Google’s AI translation tool seems to have invented its own secret internal language

All right, don’t panic, but computers have created their own secret language and are probably talking about us right now. Well, that’s kind of an oversimplification, and the last part is just plain untrue. But there is a fascinating and existentially challenging development that Google’s AI researchers recently happened across.

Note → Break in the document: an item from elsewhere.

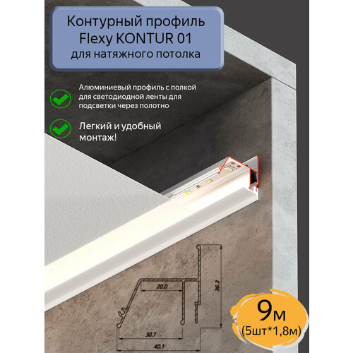 Купить Контурный профиль Flexy KONTUR 01 для натяжных потолков, 9м(5шт*1,8м) с доставкой по всей России. Контурный профиль Flexy KONTUR 01 для натяжных потолков, 9м(5шт*1,8м): сравнение цен, характеристики, фото, актуальное наличие и цены.
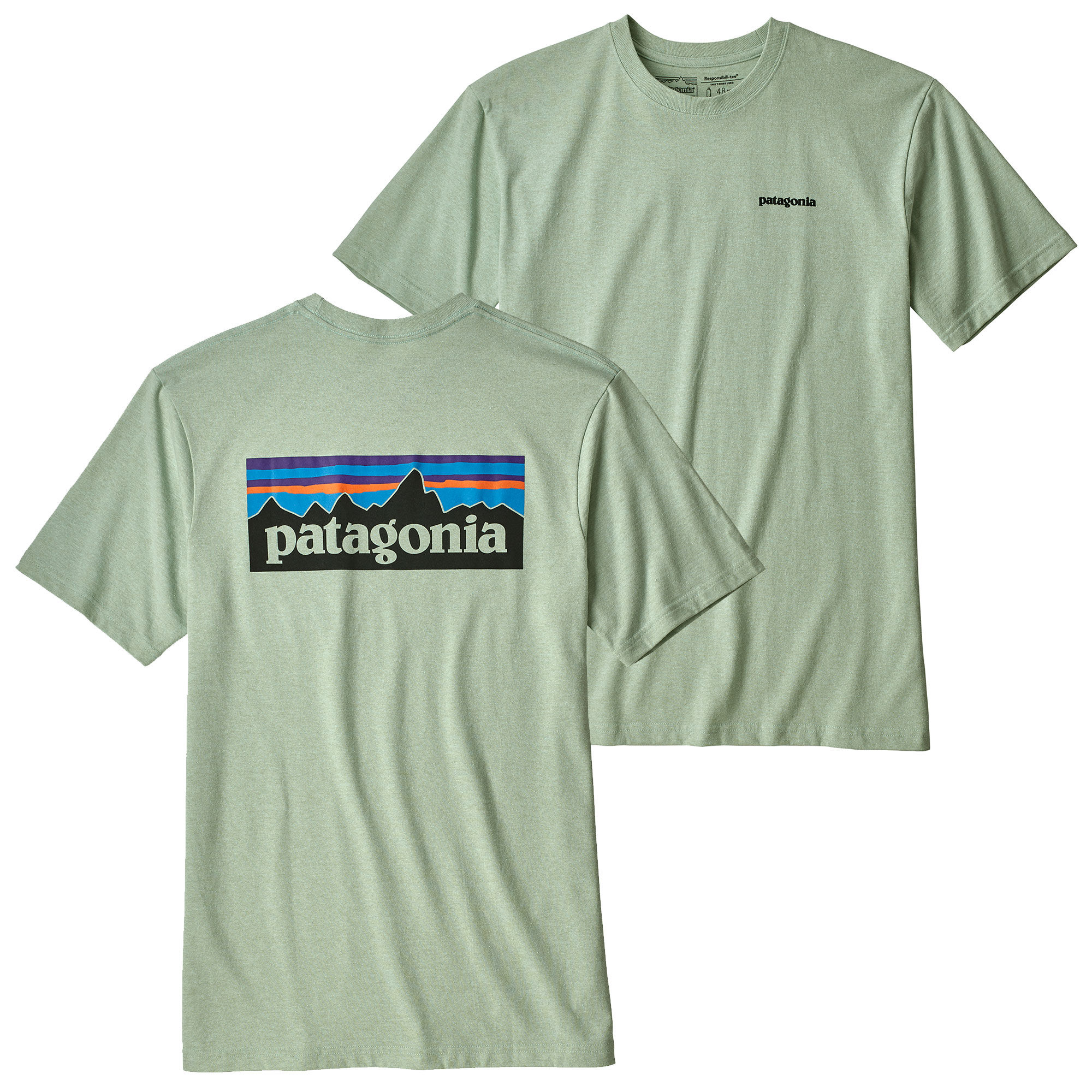 1 for the planet. Xs s m l xl xxl fit. The patagonia mens p 6 logo responsibili tee is made from a comfortable and sturdy 5050 blend of recycled cottonpostconsumer recycled polyester. The patagonia mens p 6 logo responsibili tee is a 100 recycled t shirt made from 48 plastic bottles and 026 lbs.

You may remember that back in September, Google announced that its Neural Machine Translation system had gone live. It uses deep learning to produce better, more natural translations between languages. Cool!

Following on this success, GNMT’s creators were curious about something. If you teach the translation system to translate English to Korean and vice versa, and also English to Japanese and vice versa… could it translate Korean to Japanese, without resorting to English as a bridge between them? They made this helpful gif to illustrate the idea of what they call “zero-shot translation” (it’s the orange one):

image01

Image Credits: Google

As it turns out — yes! It produces “reasonable” translations between two languages that it has not explicitly linked in any way. Remember, no English allowed.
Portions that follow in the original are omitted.